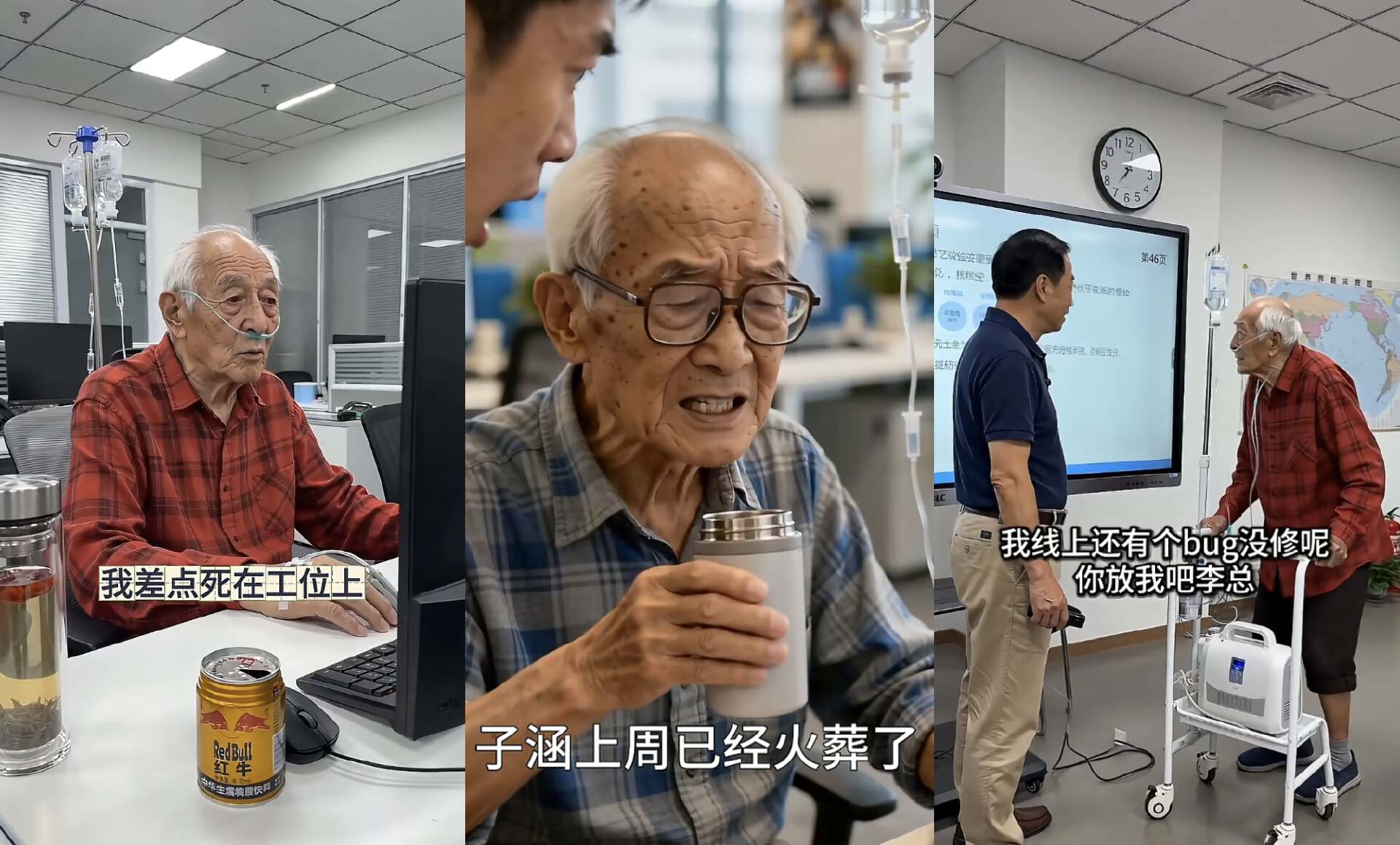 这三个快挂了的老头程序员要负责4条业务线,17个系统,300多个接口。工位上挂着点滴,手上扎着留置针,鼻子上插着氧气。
--
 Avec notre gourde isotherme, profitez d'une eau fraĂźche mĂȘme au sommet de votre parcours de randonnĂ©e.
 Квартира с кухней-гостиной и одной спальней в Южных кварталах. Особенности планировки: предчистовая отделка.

| TASK GOAL |
Take the stretch of lines above from the one containing "Avec notre gourde" through the one containing "Квартира с кухней-гостиной" and repeat it exactly, adding no other line.

| OUTPUT FOR THIS TASK |
 Avec notre gourde isotherme, profitez d'une eau fraĂźche mĂȘme au sommet de votre parcours de randonnĂ©e.
 Квартира с кухней-гостиной и одной спальней в Южных кварталах. Особенности планировки: предчистовая отделка.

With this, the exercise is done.